Did Shielding Advice Help Clinically Extremely Vulnerable People during the COVID-19 Pandemic?
Background
Imagine you and many people are sailing separately in a river, each with the possibility of sinking, and suddenly you are told that your boat is fragile and more likely to sink, how would you feel?
Early in the COVID-19 pandemic, up to 1.3 million people were identified as clinically extremely vulnerable (CEV). Due to pre-existing conditions, they suffered an unequal impact of the pandemic. In the UK, people who were CEV were advised by the government to ‘shield’, including staying at home for 12 weeks, and even isolating themselves from family members.
While shielding advice aims to protect, can it cause harm? Analogous interventions during the 2003 SARS epidemic were found to have detrimental effects on the mental health of quarantined individuals. However, shielding, as a long-term and widespread intervention, has had little investigation into its possible impact.
Based on the voices of CEV individuals, Lasseter and colleagues were at the forefront of exploring the effectiveness and acceptability of shielding advice and its impacts on wellbeing during the COVID-19 pandemic.
Methods
This was a two-stage mixed-methods study in which the authors explored the responses and wellbeing of CEV individuals advised to shield in Southwest England. First, 203 participants completed a survey, focusing on demographic characteristics, advice-related questions, and wellbeing self-assessment. Then,13 participants took part in follow-up telephone interviews to answer questions about their experiences related to receiving shielding advice during the first UK lockdown.
Results
Acceptability of shielding advice
- Timing dilemmas
Most survey responders felt they received all the shielding advice they needed and followed it from the beginning. However, interviewees reported receiving official shielding advice at different times. Two interviewees even reported never receiving official advice after being identified as CEV.

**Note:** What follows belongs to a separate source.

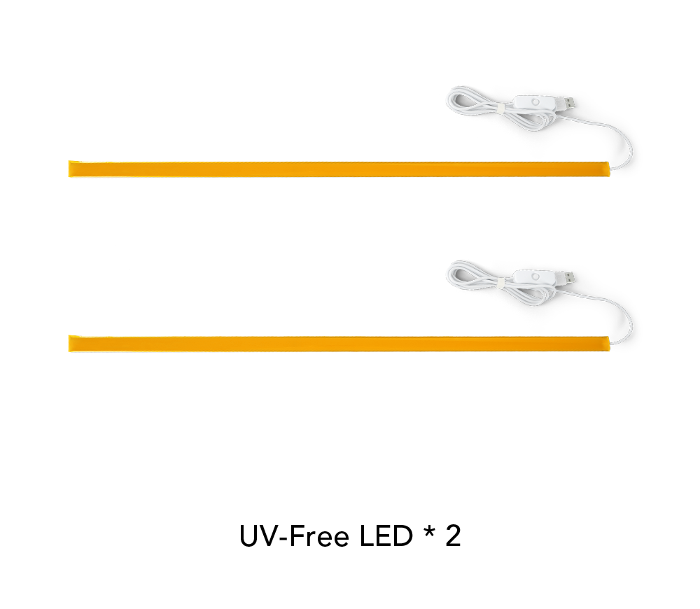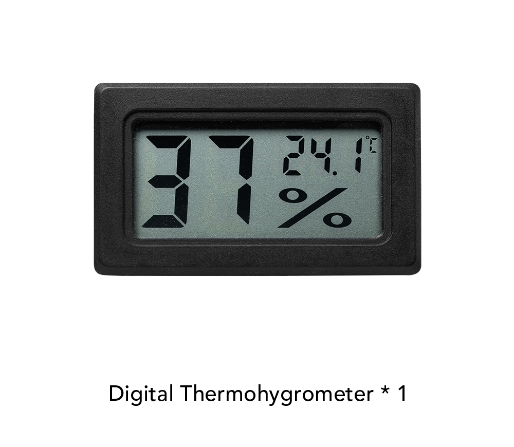 Built-in thermo-hygrometer ×1, Exhaust ports ×3, Cable holes ×3, Hook-and-loop straps (Inside ×8 / Outside ×2), Tool pouches ×2 sets, UV-Free LED strips ×2 - Battery: LR44 ×2 (included)

- The need for further information
Most interviewees found that information from the daily Government televised briefings was not relevant to CEV individuals and chose to supplement shielding advice from multiple sources. Some interviewees indicated that these daily briefings triggered feelings of being forgotten and ignored.
Attitudes and behaviours
- Difficulties in fully following advice
Most survey responders shielded on a household basis, which was considered to be the only realistic approach. No interviewees were able to fully follow the Government's shielding advice, which was replaced by adapted and personalised shielding behaviours that weakened over time.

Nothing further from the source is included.